Considérant subir des préjudices, Madame [O] a obtenu l’instauration d’une mesure d’expertise judiciaire, confiée par ordonnance de référé de ce siège du 26 octobre 2022, au Docteur [F], ultérieurement remplacé par le Docteur [X].
L’expert a déposé son rapport le 25 mai 2023.
Par actes de commissaires de justice des 4, 22 et 29 janvier 2024, Madame [O] a fait citer le Docteur [T], son assureur la société AXA FRANCE IARD et la CPAM DES BOUCHES DU RHÔNE, sollicitant, au visa des articles L 1142-1 du code de la santé publique et 25 de la loi du 21 décembre 2006, que soit reconnue la maladresse fautive du Docteur [T] comme cause exclusive de son dommage.
Elle demande la condamnation de la société AXA FRANCE IARD à lui payer les sommes de 112 363,24 euros en réparation de ses préjudices, outre celle de 2 500 euros au titre des frais irrépétibles, ainsi que les dépens.
Au soutien de ses prétentions, elle fait valoir que :
— le rapport d’expertise judiciaire reconnaît l’entière responsabilité du Docteur [T].
— le dentiste a commis une faute en laissant échapper sa fraise.
— le rapport d’expertise est parcellaire et sous-évalué en ce qu’il n’a pas pris en compte l’incidence professionnelle et le préjudice sexuel.
— dans le cadre de son activité professionnelle, elle subit une fatigabilité et une pénibilité, du fait des séquelles.
— l’évaluation de l’incidence professionnelle doit se faire sur une base de 200 euros mensuels, capitalisés.

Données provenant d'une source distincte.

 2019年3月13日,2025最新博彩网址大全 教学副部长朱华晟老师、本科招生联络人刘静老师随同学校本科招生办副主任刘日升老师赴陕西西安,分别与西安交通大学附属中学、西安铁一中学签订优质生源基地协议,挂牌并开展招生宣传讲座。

— la perte de sensibilité de l’hémi-langue gauche génère un préjudice sexuel en termes de perte de plaisir et de libido.
En défense et par conclusions signifiées le 24 avril 2024, la société AXA FRANCE IARD, le Docteur [I] [T] et l’association EXCELDENT demandent au tribunal de mettre hors de cause le Docteur [T], salarié de l’association EXCELDENT, et de prendre acte de l’intervention volontaire de cette dernière en qualité d’employeur.
La société AXA FRANCE IARD ne contestant pas le droit à indemnisation de Madame [O] demande la réduction des prétentions indemnitaires, la déduction de la créance de la CPAM et de l’indemnité provisionnelle de 200 euros.

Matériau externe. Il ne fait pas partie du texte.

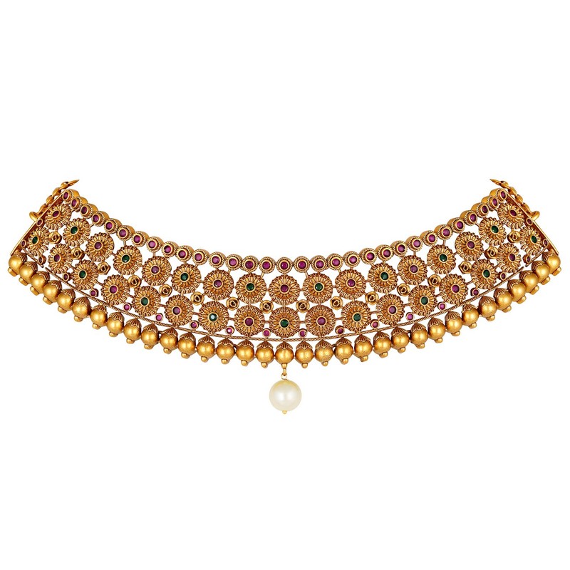 Aheli Antique Gold Tone Choker Necklace Jhumki Earrings Set Studded with Faux Stones Indian Wedding Fashion Jewelry Gift for Women

Elle demande que l’exécution provisoire ne soit pas prononcée, et, subsidiairement, qu’elle soit subordonnée à la constitution d’une garantie.
Les défendeurs font valoir que :
— Le Docteur [T] exerçant à titre salarié, sa responsabilité ne peut pas être engagée à titre personnel, seule l’association EXCELDENT et son assureur étant tenus à réparation.
— les conclusions de l’expert sont conformes à ce qui a été contradictoirement discuté.
— aucun préjudice tenant à une incidence professionnelle ou un préjudice sexuel n’est démontré.
La CPAM DES BOUCHES DU RHONE, bien que citée à personne habilitée, n’a pas comparu.
La clôture a été prononcée le 28 mai 2024.
Lors de l’audience du 5 septembre 2024, les conseils des parties entendus en leurs observations, l’affaire a été mise en délibéré au 31 octobre 2024.
MOTIFS DU JUGEMENT
Sur l’intervention volontaire de l’association EXCELDENT et la demande de mise hors de cause du Docteur [T]
Il ressort de la lecture combinée des articles 328 à 330 du code de procédure civile que l’intervention volontaire est principale ou accessoire. L’intervention est principale lorsqu’elle élève une prétention au profit de celui qui la forme. Elle n’est recevable que si son auteur a le droit d’agir relativement à cette prétention.
L’intervention est accessoire lorsqu’elle appuie les prétentions d’une partie. Elle est recevable si son auteur a intérêt, pour la conservation de ses droits, à soutenir cette partie. L’intervenant à titre accessoire peut se désister unilatéralement de son intervention.
En l’occurrence, le Docteur [I] [T] affirme sans être contredit qu’il a prodigué des soins dentaires à Madame [O] alors qu’il exerçait en qualité de dentiste salarié au sein de l’association EXCELDENT.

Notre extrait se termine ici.